• _Given data_
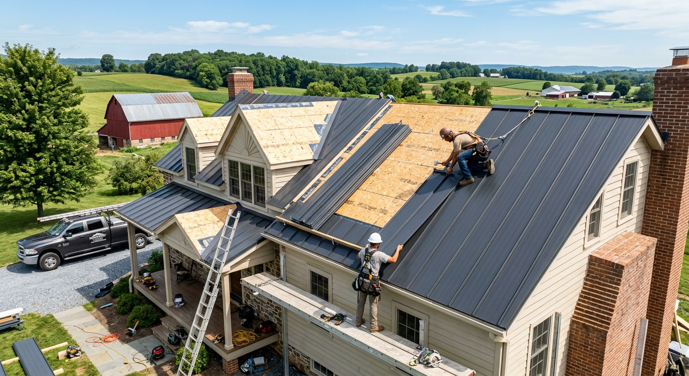 Standing seam and corrugated metal roofing systems installed by certified contractors in Kennett, PA. Lifespan 40-70 years, energy-efficient, low maintenance.
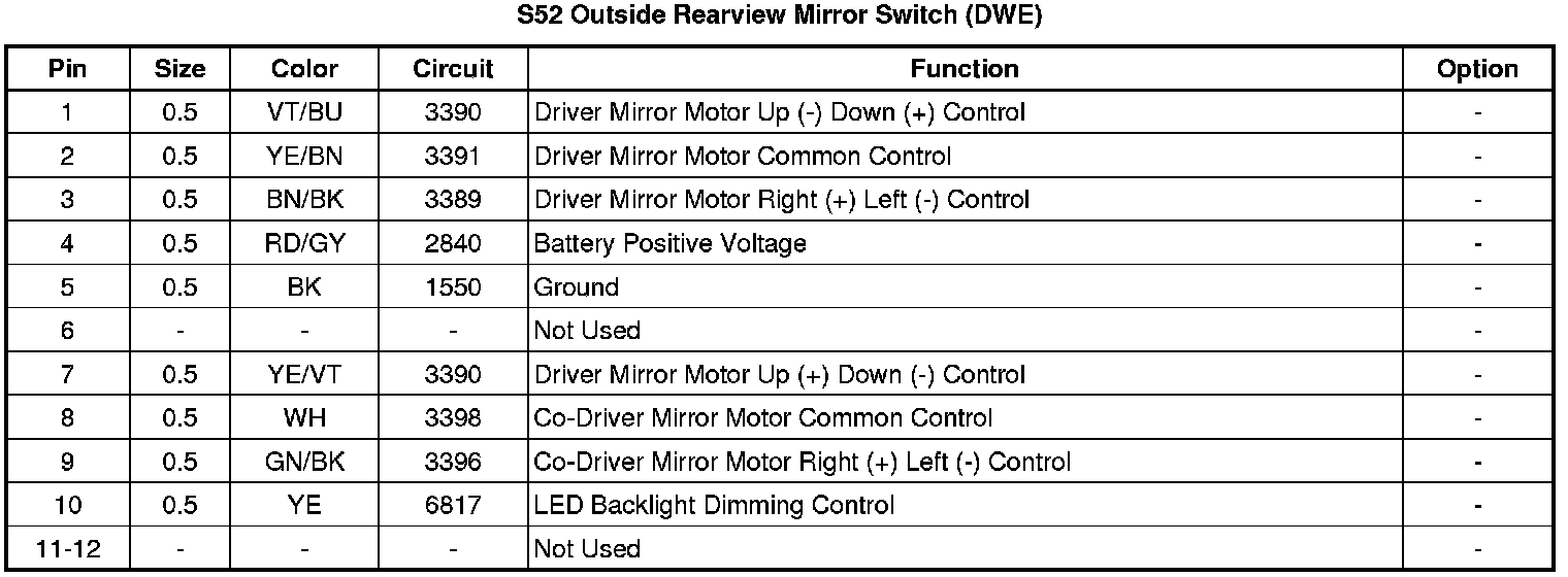 S52 Outside Rearview Mirror Switch (DWE)
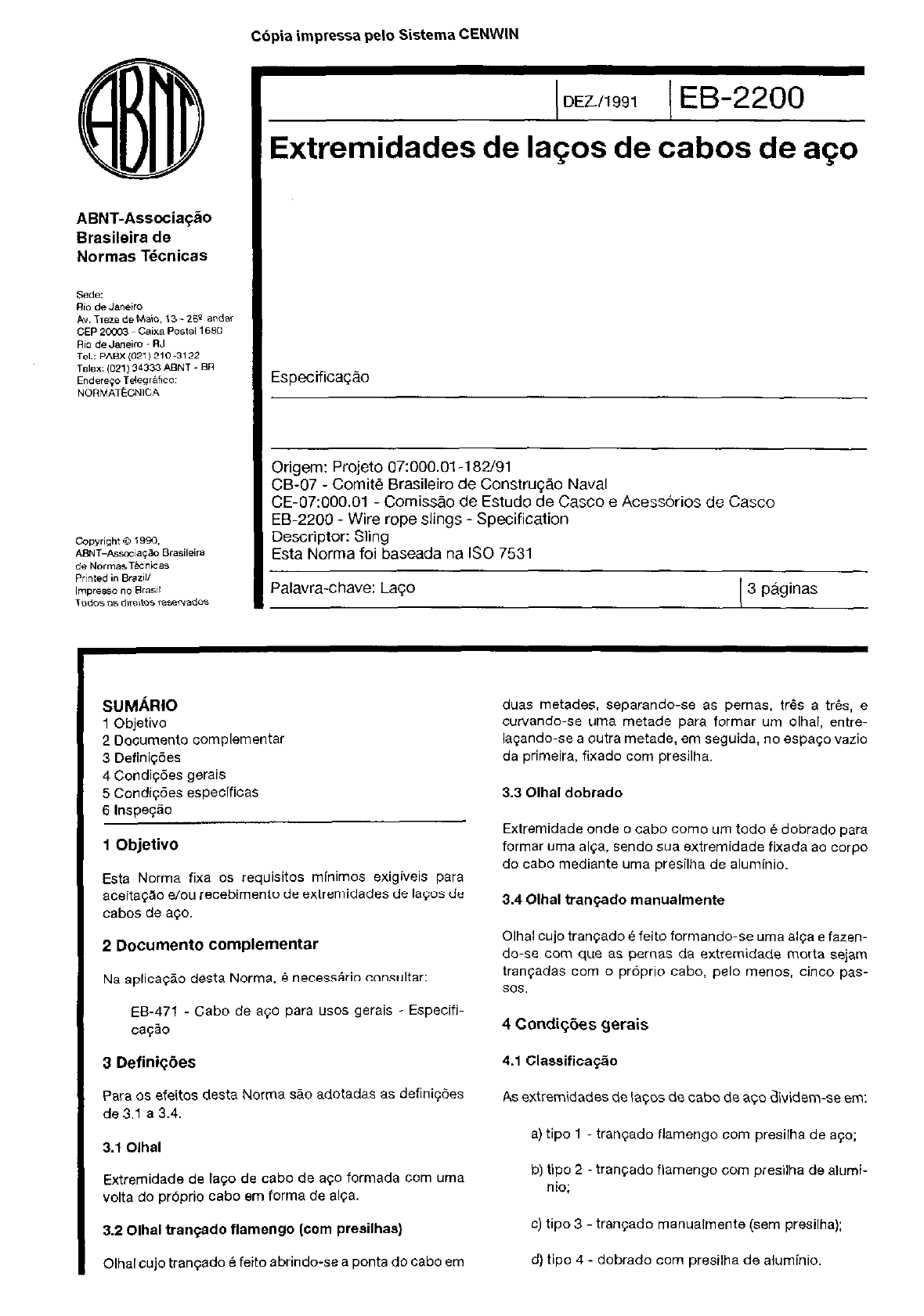 C6pia impressa pelo Sistema CENWlN ( DEZ./,~~ ( EB-2200 Extremidades de IaGos de cabos de aGo Especifica@ Origem: Projeto 07:000.01-l 82/91 CB-07 - Comitf! Brasileiro de ConstruqAo Naval CE-07:000.01 - Comissao de Estudo de Casco e Acess&ios de Casco EB-2200 Wire rope slings Specification Descriptor: Sling Esta Norma foi baseada na IS0 7531 Palavra-chave: laqo 3 piginas SUM&IO 1 Objetivo 2 Document0 complementar 3 Defini@es 4 Condiqbes gerais 5 Condi@es especlficas 6 Inspe~k 1 Objetivo Esta Norma fixa 0s requisites minimos exigiveis para aceit@o e/w recebimento de extremidades de la$os de cabos de ace. 2 Documento complementar Na aplica$Ho desta Norma, 6 necessko consultar: EB-471 Cabo de a$0 para uses gerais - Especifi- ca$zo 3 Defini@es Para OS efeitos desta Norma s80 adotadas as definiqdes de 3.1 a 3.4. 3.1 Olhal Extremidade de la~o de cabo de a$o formada corn uma volta do pr6prio cabo em forma de Alma. 3.2 Olhal trayado flamengo (corn presilhas) Olhal cujo tranqado B feito abrindo-se a ponta do cabo em duas metades, separando-se as pemas. trfis a trCs, e curvando-se uma metade para formar urn olhal, entre- laqando-se a outra metade, em seguida, no espa~o vazio da primeira, fixado corn presilha. 3.3 Olhal dobrado Extremidade onde o cab0 corn0 urn todo 6 dobrado para formar uma al@, sendo sua extremidade fixada ao corpo do cabo mediante uma presilha de aluminio. 3.4 Olhal tranqado manualmente Olhal cujo tran$ado 6 feito formando-se tuna ai&? e fazen- do-se corn que as pernas da extremidade morta sejam trancadas corn o prbprio cabo, pelo menos. cinco pas- SOS. 4 CondiGGes gerais 4.1 Classifica@o As extremidades de la$os de cabo de a$o dividem-se em: a) tipo 1 tranGado flamengo corn presilha de aqo; b) tip0 2 - tran?ado flamengo corn presilha de alumi- nio; c) tipo 3 - trayado manualmente (sem presilha); d) tipo 4 - dobrado corn presilha de aluminio. C6pia impressa pelo Sistema CENWIN 2 EB-2200/1991 4.2 Condi~des para utiliza@o 4.21 Olhal tip0 1 Este tipo de olhal B o mais seguro, uma vez que parte da resistf?nciadoolhal edado pelo tran~adoen8odependen. do exclusivamente da presilha. 4.22 Olhal tip0 2 Apresenta as mesmas caracteristicas do tipo 1, corn as seguintes restri@es: a) altas temperaturas; b) em contato corn aguas salgadas; c) em contato con- superficies abrasivas. 4.2.3 Olhal tip0 3 Possui resist&n&a mais baixa que os demais e nao devem ser utilizados em situa@s em que o la$o possa sofrer rota@es ou cargas ciclicas. 4.2.4 Olhal tip0 4 Este tipo de olhal B o menos seguro, apesar de possuir resist&& igual aos tipos 1 e 2, pois a resistencia do olhal depende exclusivamente da presilha. Nao deve ser utili- zado nas seguintes situa@es: a) em cargas suspensas que envolvam riscos huma- nos; b) em altas temperaturas; c) em contato corn dguas salgadas: d) em contato corn superficies abrasivas. 4.3 Controle da qualidade 4.3.1 A operapHo de tranqamento manual dew ser feita apenas por pessoal qualificado. 0 fornecedor dew ser respons&w em assegurar que os seus tran$adores se- jam treinados e qualificados. 4.3.2 OS tubas das presilhas devem ser inspecionados pelos fabricantes de &OS, para assegurar que es?& livre de falhas ou defeitos. OS fabricantes dos tubas devem fornecer urn certificado a cada lote. 4.3.3 As presilhas tamb&m devem ser inspecionadas pe- los fabricantes de Lagos desde o cork do tubo at6 a sua aplicaq8o final, para assegurar que estejam livres de fa- lhas ou defeitos, e que foram prensadas de acordo corn o Capitulo 5 desta Norma. 4.3.4 OS fabricantes de lavx devem assegurar e certificar, quando solicitado pelo comprador, que as presilhas u- tilizadas parafabrica$So dos Lagos devem possuiras mes- mas caracteristicas. dentro das tolerancias normais de fabrica@o, daquelas que foram aprovadas em ensaio de prot6tipo descritas em 6.1. 5 Condi@es especificas 5.1 Fabrica@o 5.1.1 OS cabos devem ser cortados de tal maneira que os arames das extremidades n8o sejam endurecidos nem soldados entre si. 5.1.2 No case de laces tipos 1 e 2, as presilhas devem ter format0 cilindrico e acabamento cZlnico na extremidade oposta ao olhal. 5.1.3 As extremidades corn presilhas, de cabos corn 38 mm de diimetro nominal e acima, devem ser feitas corn cabo de avo corn alma de aqo. 5.2 ExtremidadescomtranFadoflamengo, corn presilha de a$o (tip0 1) 5.2.1 As presilhas de ago para “so em tranGado flamengo devem ser feitas a partir de tubos sem costura. 5.2.2 As presilhas nHo devem ter nenhum defeito quo pos- sa prejudicar seu desempenho. Ap6s a prensagem, a presilha dew estar livre de trincas. 5.2.3 As extremidades mortas das pernas devem ser lon- gas osuficiente para permitir que a presilha seja colocada sobre ela, abrangendo todo o comprimento de sua parte cilindrica. 5.2.4 A carga de ruptura da extremidade corn tran$ado flamengo, corn presilha de ago, dew ser de, pelo menos, 90% da carga de ruptura do cabo de aqo respective. 5.3 Extremidade corn presilha de aluminio (tipos 2 e 4) 5.3.1 As presilhas de aluminio devem ser produzidas a partir de urn tuba sem costura. 5.3.2AspresilhasnHodevem ternenhumdefeitoquepossa prejudicarseudesempenho.Ap6saprensagem. apresilha deve estar livre de trincas verific&eis atravgs de ensaio de liquido penetrante. 53.3 0 comprimento total da presilha, no case de laqos corn olhal dobrado, deve canter a extremidade morta do cabo, de maneira que a mesma seja visivel ap6s a pren- sagem. 5.3.4 A carga de ruptura da extremidade corn presilha de aluminio dew ser de, pelo menos, 90% da carga de ruptura do cabo de ago respective. 5.4 Extremidades corn tranGado manual (sem presilha) (tip0 3) 5.4.1 As extremidades dos arames das pemas trayadas devem ser cob&as corn “ma prote@o adequada para evitar danos pessoais. 5.4.2 A carga de ruptura da extremidade corn tranGado manual deve ser de, pelo menos, 70% da carga de ruptu- ra do cabo de ago respective. C6pia impressa pelo Sistema CENWIN ES220011991 3 6 Inspe@o 6.1 Certiiicar;io de protbtipo (ensaio de tip@ 6.1.1 Generalidades 8.1.1.1

• _Problem to work on_
Nothing but the text is wanted: repeat the data above exactly, without its images.

• _Response for this exercise_
 Standing seam and corrugated metal roofing systems installed by certified contractors in Kennett, PA. Lifespan 40-70 years, energy-efficient, low maintenance.
 S52 Outside Rearview Mirror Switch (DWE)
 C6pia impressa pelo Sistema CENWlN ( DEZ./,~~ ( EB-2200 Extremidades de IaGos de cabos de aGo Especifica@ Origem: Projeto 07:000.01-l 82/91 CB-07 - Comitf! Brasileiro de ConstruqAo Naval CE-07:000.01 - Comissao de Estudo de Casco e Acess&ios de Casco EB-2200 Wire rope slings Specification Descriptor: Sling Esta Norma foi baseada na IS0 7531 Palavra-chave: laqo 3 piginas SUM&IO 1 Objetivo 2 Document0 complementar 3 Defini@es 4 Condiqbes gerais 5 Condi@es especlficas 6 Inspe~k 1 Objetivo Esta Norma fixa 0s requisites minimos exigiveis para aceit@o e/w recebimento de extremidades de la$os de cabos de ace. 2 Documento complementar Na aplica$Ho desta Norma, 6 necessko consultar: EB-471 Cabo de a$0 para uses gerais - Especifi- ca$zo 3 Defini@es Para OS efeitos desta Norma s80 adotadas as definiqdes de 3.1 a 3.4. 3.1 Olhal Extremidade de la~o de cabo de a$o formada corn uma volta do pr6prio cabo em forma de Alma. 3.2 Olhal trayado flamengo (corn presilhas) Olhal cujo tranqado B feito abrindo-se a ponta do cabo em duas metades, separando-se as pemas. trfis a trCs, e curvando-se uma metade para formar urn olhal, entre- laqando-se a outra metade, em seguida, no espa~o vazio da primeira, fixado corn presilha. 3.3 Olhal dobrado Extremidade onde o cab0 corn0 urn todo 6 dobrado para formar uma al@, sendo sua extremidade fixada ao corpo do cabo mediante uma presilha de aluminio. 3.4 Olhal tranqado manualmente Olhal cujo tran$ado 6 feito formando-se tuna ai&? e fazen- do-se corn que as pernas da extremidade morta sejam trancadas corn o prbprio cabo, pelo menos. cinco pas- SOS. 4 CondiGGes gerais 4.1 Classifica@o As extremidades de la$os de cabo de a$o dividem-se em: a) tipo 1 tranGado flamengo corn presilha de aqo; b) tip0 2 - tran?ado flamengo corn presilha de alumi- nio; c) tipo 3 - trayado manualmente (sem presilha); d) tipo 4 - dobrado corn presilha de aluminio. C6pia impressa pelo Sistema CENWIN 2 EB-2200/1991 4.2 Condi~des para utiliza@o 4.21 Olhal tip0 1 Este tipo de olhal B o mais seguro, uma vez que parte da resistf?nciadoolhal edado pelo tran~adoen8odependen. do exclusivamente da presilha. 4.22 Olhal tip0 2 Apresenta as mesmas caracteristicas do tipo 1, corn as seguintes restri@es: a) altas temperaturas; b) em contato corn aguas salgadas; c) em contato con- superficies abrasivas. 4.2.3 Olhal tip0 3 Possui resist&n&a mais baixa que os demais e nao devem ser utilizados em situa@s em que o la$o possa sofrer rota@es ou cargas ciclicas. 4.2.4 Olhal tip0 4 Este tipo de olhal B o menos seguro, apesar de possuir resist&& igual aos tipos 1 e 2, pois a resistencia do olhal depende exclusivamente da presilha. Nao deve ser utili- zado nas seguintes situa@es: a) em cargas suspensas que envolvam riscos huma- nos; b) em altas temperaturas; c) em contato corn dguas salgadas: d) em contato corn superficies abrasivas. 4.3 Controle da qualidade 4.3.1 A operapHo de tranqamento manual dew ser feita apenas por pessoal qualificado. 0 fornecedor dew ser respons&w em assegurar que os seus tran$adores se- jam treinados e qualificados. 4.3.2 OS tubas das presilhas devem ser inspecionados pelos fabricantes de &OS, para assegurar que es?& livre de falhas ou defeitos. OS fabricantes dos tubas devem fornecer urn certificado a cada lote. 4.3.3 As presilhas tamb&m devem ser inspecionadas pe- los fabricantes de Lagos desde o cork do tubo at6 a sua aplicaq8o final, para assegurar que estejam livres de fa- lhas ou defeitos, e que foram prensadas de acordo corn o Capitulo 5 desta Norma. 4.3.4 OS fabricantes de lavx devem assegurar e certificar, quando solicitado pelo comprador, que as presilhas u- tilizadas parafabrica$So dos Lagos devem possuiras mes- mas caracteristicas. dentro das tolerancias normais de fabrica@o, daquelas que foram aprovadas em ensaio de prot6tipo descritas em 6.1. 5 Condi@es especificas 5.1 Fabrica@o 5.1.1 OS cabos devem ser cortados de tal maneira que os arames das extremidades n8o sejam endurecidos nem soldados entre si. 5.1.2 No case de laces tipos 1 e 2, as presilhas devem ter format0 cilindrico e acabamento cZlnico na extremidade oposta ao olhal. 5.1.3 As extremidades corn presilhas, de cabos corn 38 mm de diimetro nominal e acima, devem ser feitas corn cabo de avo corn alma de aqo. 5.2 ExtremidadescomtranFadoflamengo, corn presilha de a$o (tip0 1) 5.2.1 As presilhas de ago para “so em tranGado flamengo devem ser feitas a partir de tubos sem costura. 5.2.2 As presilhas nHo devem ter nenhum defeito quo pos- sa prejudicar seu desempenho. Ap6s a prensagem, a presilha dew estar livre de trincas. 5.2.3 As extremidades mortas das pernas devem ser lon- gas osuficiente para permitir que a presilha seja colocada sobre ela, abrangendo todo o comprimento de sua parte cilindrica. 5.2.4 A carga de ruptura da extremidade corn tran$ado flamengo, corn presilha de ago, dew ser de, pelo menos, 90% da carga de ruptura do cabo de aqo respective. 5.3 Extremidade corn presilha de aluminio (tipos 2 e 4) 5.3.1 As presilhas de aluminio devem ser produzidas a partir de urn tuba sem costura. 5.3.2AspresilhasnHodevem ternenhumdefeitoquepossa prejudicarseudesempenho.Ap6saprensagem. apresilha deve estar livre de trincas verific&eis atravgs de ensaio de liquido penetrante. 53.3 0 comprimento total da presilha, no case de laqos corn olhal dobrado, deve canter a extremidade morta do cabo, de maneira que a mesma seja visivel ap6s a pren- sagem. 5.3.4 A carga de ruptura da extremidade corn presilha de aluminio dew ser de, pelo menos, 90% da carga de ruptura do cabo de ago respective. 5.4 Extremidades corn tranGado manual (sem presilha) (tip0 3) 5.4.1 As extremidades dos arames das pemas trayadas devem ser cob&as corn “ma prote@o adequada para evitar danos pessoais. 5.4.2 A carga de ruptura da extremidade corn tranGado manual deve ser de, pelo menos, 70% da carga de ruptu- ra do cabo de ago respective. C6pia impressa pelo Sistema CENWIN ES220011991 3 6 Inspe@o 6.1 Certiiicar;io de protbtipo (ensaio de tip@ 6.1.1 Generalidades 8.1.1.1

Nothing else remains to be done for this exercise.